The Two Component IQC Proposal

From Braga et al [1, Abstract, page 291]: “…the internal quality control (IQC) program should be redesigned to permit IVD traceability surveillance through the verification by medical laboratories that control materials, provided by the manufacturer as a part of measuring systems, are in clinically suitable validation range (IQC component I). Separately, laboratories should also monitor the reliability of employed IVD measuring systems through the IQC component II, devoted to estimation of MU due to random effects and to obtaining MU of provided results, in order to apply prompt corrective actions if the performance is worsening when compared to appropriate analytical specifications, thus jeopardizing the clinical validity of test results.”

It should go without saying that a proposal to double the work required of a laboratory is likely to meet with strenuous objections.
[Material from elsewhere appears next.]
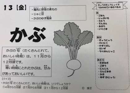 今日は、冬が旬(たくさんとれておいしい時期)の「かぶ」が「かぶのゆず風味」の献立に登場しました。

Given that it takes several months to estimate MU with Component II, it’s not clear how it can be used to “apply prompt corrective actions.” Also, if MU is estimated only once every six months, it will have limited capability to “monitor the reliability of employed IVC measuring systems.” However, our interest and priority here is to consider the recommended re-design of Component I, the traditional QC, particularly the idea of imposing limits on control charts using an acceptability range derived from the Analytical Performance Specification for Measurement Uncertainty.

Component I Control Limits - One MU to rule them all?

From Braga et al [1, page 296]: “… the acceptability range for QC component I should correspond to the APS for MU derived according to the appropriate Milan model and its should be set based on unbiased target value of the material obtained by the manufacturer as the mean of replicate measurements on the same measuring system optimally calibrated to the selected reference…”

The recommendation here is to use fixed clinical control limits based on the quality goal or APS for MU, as derived from biologic variability and the EFLM biological variation database. In other words, the control limits (TV ± 2*APSu) are the same for all laboratories that follows the EFLM guidance, regardless of the actual performance of a particular laboratory. This “one-size fits all” approach is a direct contradiction of the “good laboratory practices” for statistical QC summarized by the CLSI C24-Ed4 [3]. Common sense tells us that all laboratories are not identical in performance the world over. The desire to impose the same rule across the globe is tantalizing, but reality must be acknowledged.

From CLSI C24-Ed4 [3, page 27, Section 5.3]: “A target value and SD for a particular control material are established by the laboratory. The mean, used as the target value, and the SD of results are established by repeated measurements of the QC materials by the measurement procedure used by the laboratory. Control limits are then calculated from the target value and SD observed in the laboratory when the measurement procedure is operating in stable condition. When control materials are accompanied by a product insert with assigned values provided by the manufacturer, these insert values should be used only as guides and not as a replacement for target values and SDs established by the laboratory.”

This contradiction is recognized by the authors, who explicitly disregard the CLSI guidance:

From Panteghini [4]: “…the fundamental principle of CLSI C24-Ed4 guideline is that each laboratory should characterize its own performance, using its experimental mean and SD in calculation of control limits. This make however impossible to establish if the individual measuring system performance is properly unbiased…”

HbA1c Example

APSu for HbA1c is 3.0%, according to recommendations by these authors [5], so the acceptability range of ± 2*APSu would be TV ± 6.0%.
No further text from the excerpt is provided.